## [Dataset excerpts]

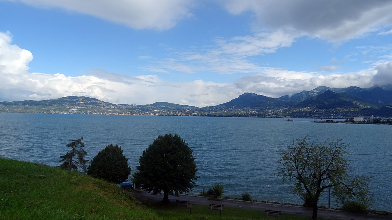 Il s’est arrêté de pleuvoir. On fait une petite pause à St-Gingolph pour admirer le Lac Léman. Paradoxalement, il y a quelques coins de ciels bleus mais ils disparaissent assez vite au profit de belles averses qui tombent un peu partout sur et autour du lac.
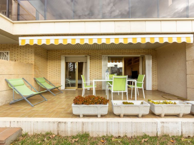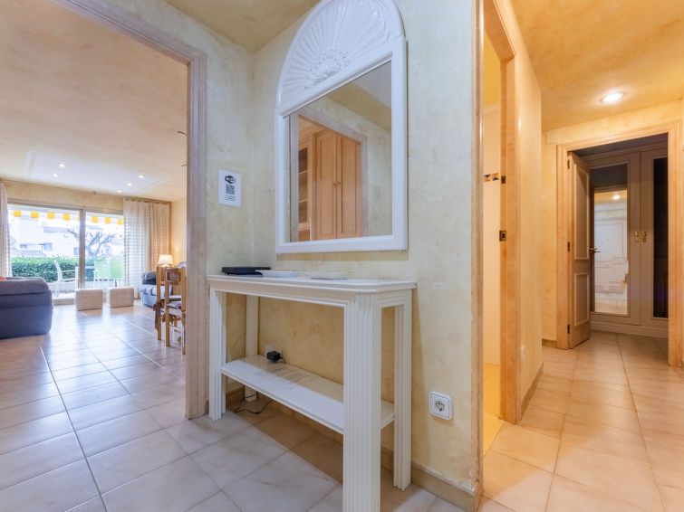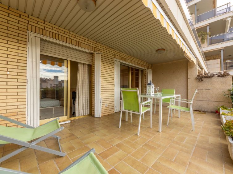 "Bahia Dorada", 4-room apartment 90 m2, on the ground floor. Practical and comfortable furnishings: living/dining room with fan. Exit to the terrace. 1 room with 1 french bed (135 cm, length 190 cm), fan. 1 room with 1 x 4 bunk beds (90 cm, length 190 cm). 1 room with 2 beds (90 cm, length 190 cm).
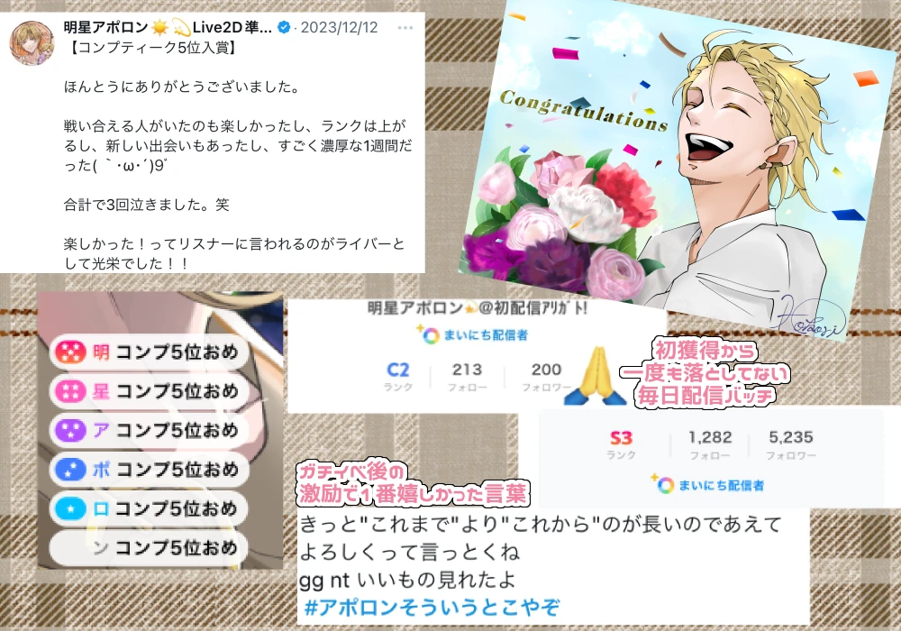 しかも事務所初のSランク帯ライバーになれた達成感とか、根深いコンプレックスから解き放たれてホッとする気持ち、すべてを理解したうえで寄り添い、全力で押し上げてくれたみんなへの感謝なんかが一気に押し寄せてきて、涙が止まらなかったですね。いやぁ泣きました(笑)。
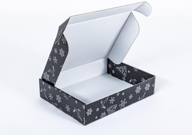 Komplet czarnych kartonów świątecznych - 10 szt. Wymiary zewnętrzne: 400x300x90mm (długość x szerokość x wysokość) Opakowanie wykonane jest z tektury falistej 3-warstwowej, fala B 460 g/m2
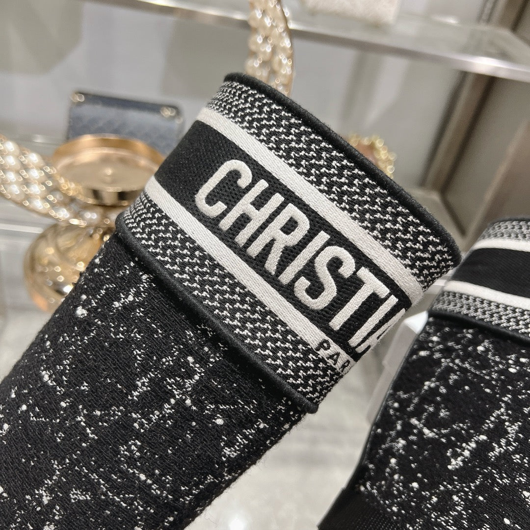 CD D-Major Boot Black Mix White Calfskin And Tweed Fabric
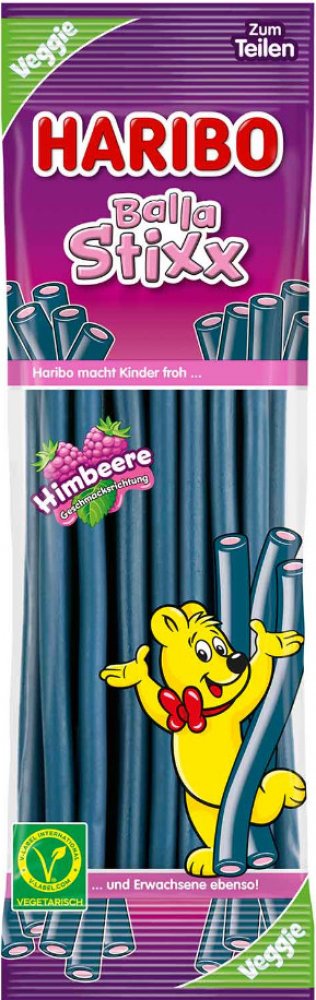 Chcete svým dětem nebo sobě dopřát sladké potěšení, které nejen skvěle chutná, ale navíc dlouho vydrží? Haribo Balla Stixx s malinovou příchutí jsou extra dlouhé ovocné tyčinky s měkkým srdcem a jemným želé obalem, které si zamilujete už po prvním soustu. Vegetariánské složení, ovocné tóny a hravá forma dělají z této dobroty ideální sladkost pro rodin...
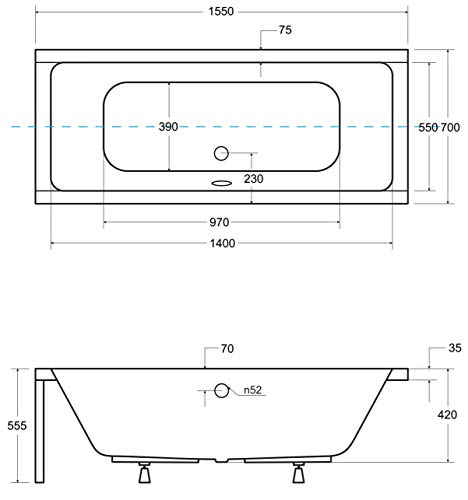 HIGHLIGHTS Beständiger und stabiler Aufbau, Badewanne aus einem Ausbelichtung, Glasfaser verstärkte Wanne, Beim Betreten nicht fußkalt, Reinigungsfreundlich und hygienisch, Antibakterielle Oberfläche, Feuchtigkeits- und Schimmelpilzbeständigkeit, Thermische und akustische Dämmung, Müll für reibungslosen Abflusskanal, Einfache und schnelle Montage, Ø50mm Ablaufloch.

## [Problem to work on]
Give the material above again exactly as it stands, minus any images.

## [Output below]
 Il s’est arrêté de pleuvoir. On fait une petite pause à St-Gingolph pour admirer le Lac Léman. Paradoxalement, il y a quelques coins de ciels bleus mais ils disparaissent assez vite au profit de belles averses qui tombent un peu partout sur et autour du lac.
 "Bahia Dorada", 4-room apartment 90 m2, on the ground floor. Practical and comfortable furnishings: living/dining room with fan. Exit to the terrace. 1 room with 1 french bed (135 cm, length 190 cm), fan. 1 room with 1 x 4 bunk beds (90 cm, length 190 cm). 1 room with 2 beds (90 cm, length 190 cm).
 しかも事務所初のSランク帯ライバーになれた達成感とか、根深いコンプレックスから解き放たれてホッとする気持ち、すべてを理解したうえで寄り添い、全力で押し上げてくれたみんなへの感謝なんかが一気に押し寄せてきて、涙が止まらなかったですね。いやぁ泣きました(笑)。
 Komplet czarnych kartonów świątecznych - 10 szt. Wymiary zewnętrzne: 400x300x90mm (długość x szerokość x wysokość) Opakowanie wykonane jest z tektury falistej 3-warstwowej, fala B 460 g/m2
 CD D-Major Boot Black Mix White Calfskin And Tweed Fabric
 Chcete svým dětem nebo sobě dopřát sladké potěšení, které nejen skvěle chutná, ale navíc dlouho vydrží? Haribo Balla Stixx s malinovou příchutí jsou extra dlouhé ovocné tyčinky s měkkým srdcem a jemným želé obalem, které si zamilujete už po prvním soustu. Vegetariánské složení, ovocné tóny a hravá forma dělají z této dobroty ideální sladkost pro rodin...
 HIGHLIGHTS Beständiger und stabiler Aufbau, Badewanne aus einem Ausbelichtung, Glasfaser verstärkte Wanne, Beim Betreten nicht fußkalt, Reinigungsfreundlich und hygienisch, Antibakterielle Oberfläche, Feuchtigkeits- und Schimmelpilzbeständigkeit, Thermische und akustische Dämmung, Müll für reibungslosen Abflusskanal, Einfache und schnelle Montage, Ø50mm Ablaufloch.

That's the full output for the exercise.